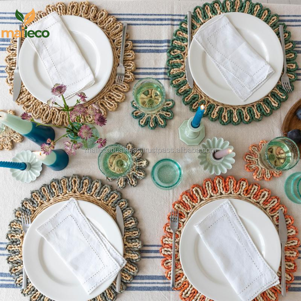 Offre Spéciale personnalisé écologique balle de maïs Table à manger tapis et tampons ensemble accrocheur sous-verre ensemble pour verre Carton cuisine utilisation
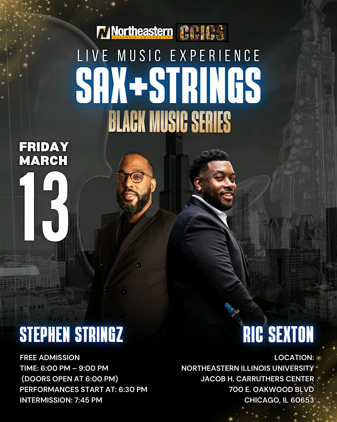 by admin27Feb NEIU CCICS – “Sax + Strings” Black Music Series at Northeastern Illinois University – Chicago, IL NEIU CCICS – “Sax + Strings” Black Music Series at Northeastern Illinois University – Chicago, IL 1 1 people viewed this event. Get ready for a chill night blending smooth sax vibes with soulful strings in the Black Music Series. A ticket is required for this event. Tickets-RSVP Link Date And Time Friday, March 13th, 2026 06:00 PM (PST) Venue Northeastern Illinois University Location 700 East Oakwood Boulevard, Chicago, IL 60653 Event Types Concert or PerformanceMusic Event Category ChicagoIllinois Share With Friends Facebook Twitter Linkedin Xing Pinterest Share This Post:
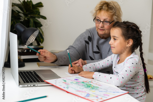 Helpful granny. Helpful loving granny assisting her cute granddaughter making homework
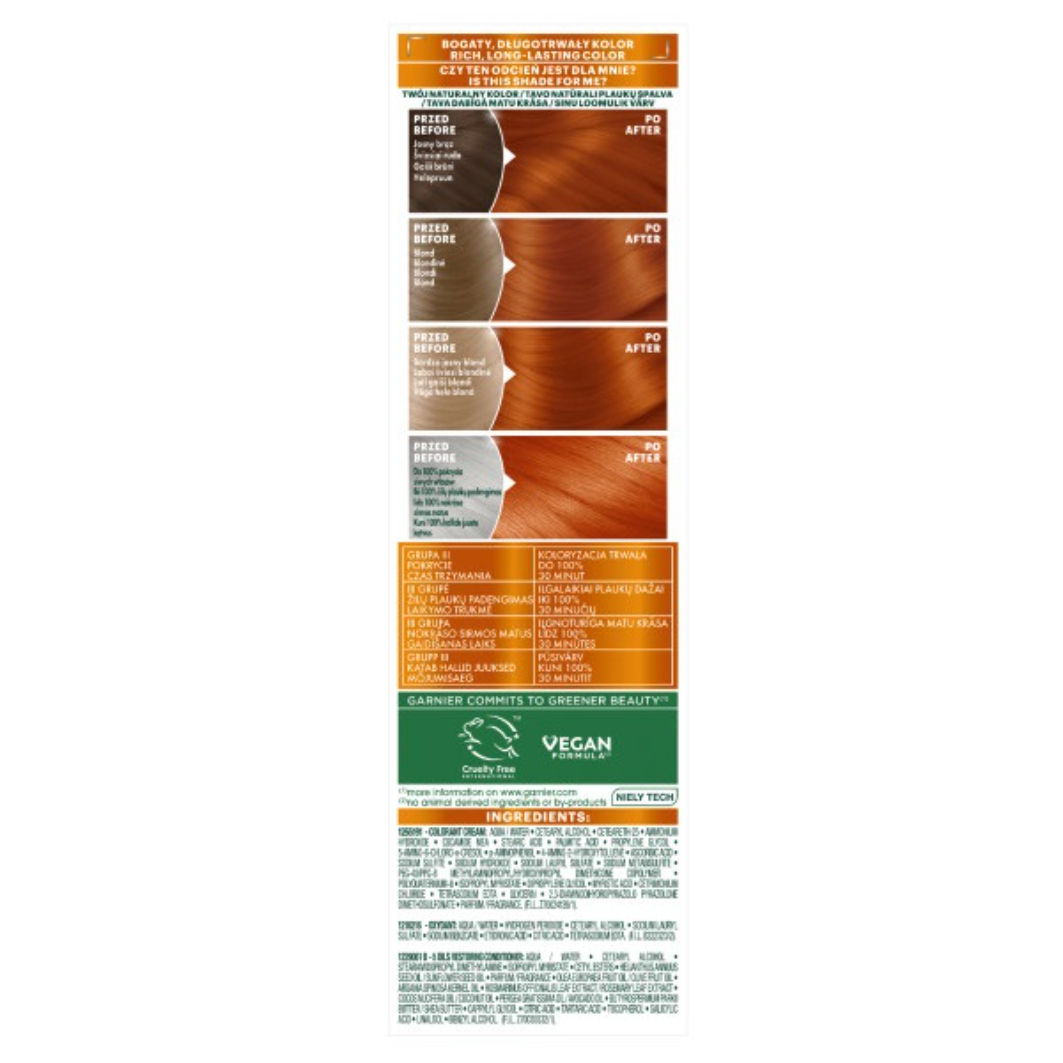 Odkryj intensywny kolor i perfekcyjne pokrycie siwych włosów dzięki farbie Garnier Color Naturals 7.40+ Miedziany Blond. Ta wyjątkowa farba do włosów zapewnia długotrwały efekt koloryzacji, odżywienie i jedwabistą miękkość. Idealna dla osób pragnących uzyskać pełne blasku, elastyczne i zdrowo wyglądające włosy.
* * *
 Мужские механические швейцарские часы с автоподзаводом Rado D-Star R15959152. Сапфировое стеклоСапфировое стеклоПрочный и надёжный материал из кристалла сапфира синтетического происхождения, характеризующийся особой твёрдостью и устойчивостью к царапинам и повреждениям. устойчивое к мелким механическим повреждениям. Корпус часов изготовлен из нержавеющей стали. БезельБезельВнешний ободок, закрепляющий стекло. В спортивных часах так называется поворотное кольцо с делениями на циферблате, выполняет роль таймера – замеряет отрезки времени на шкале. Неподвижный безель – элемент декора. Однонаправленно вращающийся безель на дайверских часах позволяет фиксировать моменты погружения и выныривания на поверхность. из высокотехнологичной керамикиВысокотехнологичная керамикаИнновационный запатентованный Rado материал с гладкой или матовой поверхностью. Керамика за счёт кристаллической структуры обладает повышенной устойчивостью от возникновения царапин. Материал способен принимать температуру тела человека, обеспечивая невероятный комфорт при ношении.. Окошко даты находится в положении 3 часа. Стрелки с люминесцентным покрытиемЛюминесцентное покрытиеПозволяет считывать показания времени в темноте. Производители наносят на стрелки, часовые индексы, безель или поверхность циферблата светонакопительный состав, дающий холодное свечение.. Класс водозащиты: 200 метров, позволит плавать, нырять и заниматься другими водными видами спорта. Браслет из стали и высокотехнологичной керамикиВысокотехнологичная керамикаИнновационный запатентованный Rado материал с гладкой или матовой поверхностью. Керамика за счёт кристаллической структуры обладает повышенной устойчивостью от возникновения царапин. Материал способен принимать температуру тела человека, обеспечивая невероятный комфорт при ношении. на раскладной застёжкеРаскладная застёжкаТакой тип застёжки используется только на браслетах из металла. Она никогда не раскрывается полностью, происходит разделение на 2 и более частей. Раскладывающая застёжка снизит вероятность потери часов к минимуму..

> **TASK**
Transcribe, word for word, the lines of the listing above from the one that contains "by admin27Feb NEIU" through the one that contains "Helpful granny. Helpful", keeping both ends and dropping the pictures.

> **TASK RESULT**
 by admin27Feb NEIU CCICS – “Sax + Strings” Black Music Series at Northeastern Illinois University – Chicago, IL NEIU CCICS – “Sax + Strings” Black Music Series at Northeastern Illinois University – Chicago, IL 1 1 people viewed this event. Get ready for a chill night blending smooth sax vibes with soulful strings in the Black Music Series. A ticket is required for this event. Tickets-RSVP Link Date And Time Friday, March 13th, 2026 06:00 PM (PST) Venue Northeastern Illinois University Location 700 East Oakwood Boulevard, Chicago, IL 60653 Event Types Concert or PerformanceMusic Event Category ChicagoIllinois Share With Friends Facebook Twitter Linkedin Xing Pinterest Share This Post:
 Helpful granny. Helpful loving granny assisting her cute granddaughter making homework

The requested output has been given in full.